#### Assignment:
What you return must match the listing below exactly, minus any pictures.

** Opening Dataset extract block **

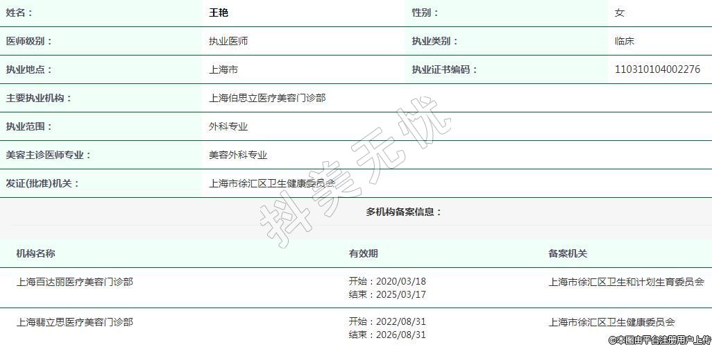 上海百达丽医疗美容执业医师
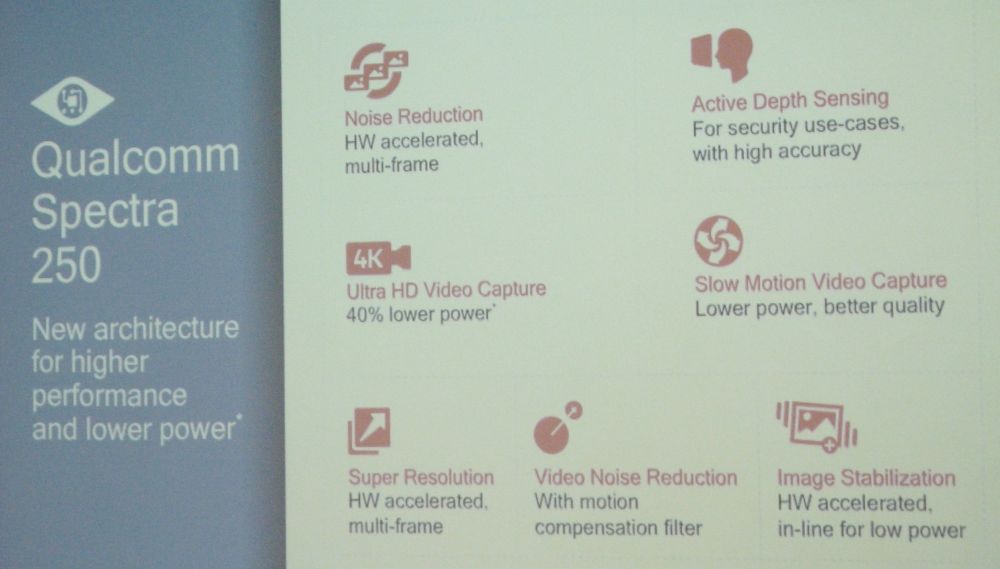 The Qualcomm Spectra 250 image sensor processor (ISP), which will bring support for 20-megapixel dual ISP or a 32-megapixel single ISP. It will support UHD/4K video capture at 30fps and, thanks to the new AI engine, brings plenty of enhancement unavailable for the previous generation.
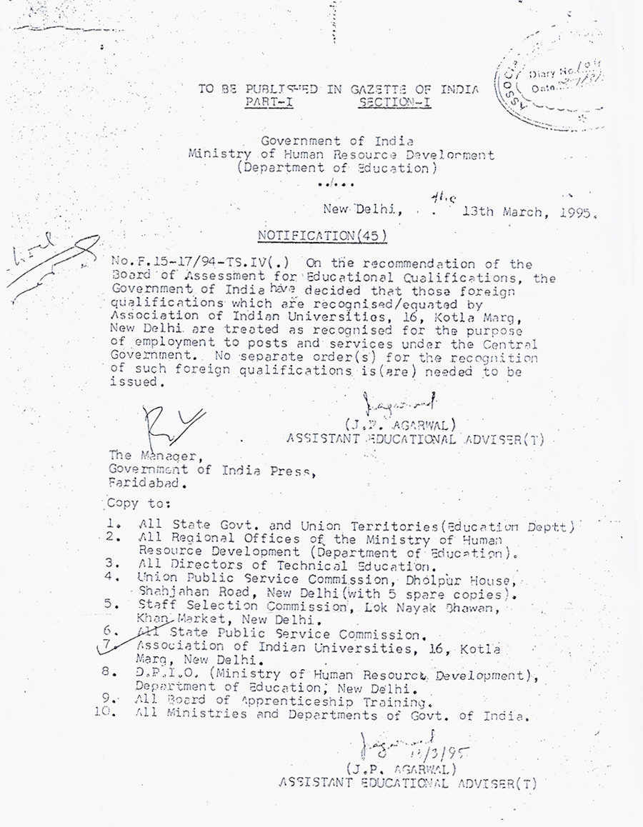 Gazette Notification No. F15-17/94-TS-IV dated 13 March 1995 (Ministry of Human Resource Development, New Delhi).
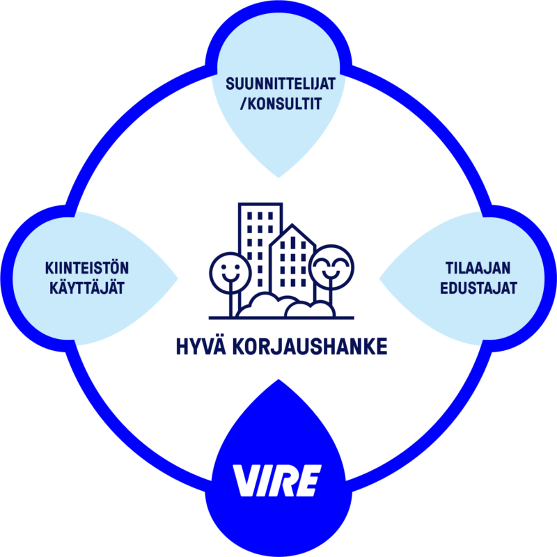 Arvovireen tavoitteena on tuottaa asiakkaalle lisäarvoa tekemällä juuri tarpeeseen sopivia korjauksia – ei enempää kuin on järkevää. Suunnittelemme teknisesti ja taloudellisesti fiksun kokonaisuuden, joka perustuu kiinteistön todelliseen kuntoon ja omistajan toiveisiin. Toteutamme urakat niin, että vuokralaisten arki häiriintyy mahdollisimman vähän.

** Closing Dataset extract block **

#### Expected answer:
 上海百达丽医疗美容执业医师
 The Qualcomm Spectra 250 image sensor processor (ISP), which will bring support for 20-megapixel dual ISP or a 32-megapixel single ISP. It will support UHD/4K video capture at 30fps and, thanks to the new AI engine, brings plenty of enhancement unavailable for the previous generation.
 Gazette Notification No. F15-17/94-TS-IV dated 13 March 1995 (Ministry of Human Resource Development, New Delhi).
 Arvovireen tavoitteena on tuottaa asiakkaalle lisäarvoa tekemällä juuri tarpeeseen sopivia korjauksia – ei enempää kuin on järkevää. Suunnittelemme teknisesti ja taloudellisesti fiksun kokonaisuuden, joka perustuu kiinteistön todelliseen kuntoon ja omistajan toiveisiin. Toteutamme urakat niin, että vuokralaisten arki häiriintyy mahdollisimman vähän.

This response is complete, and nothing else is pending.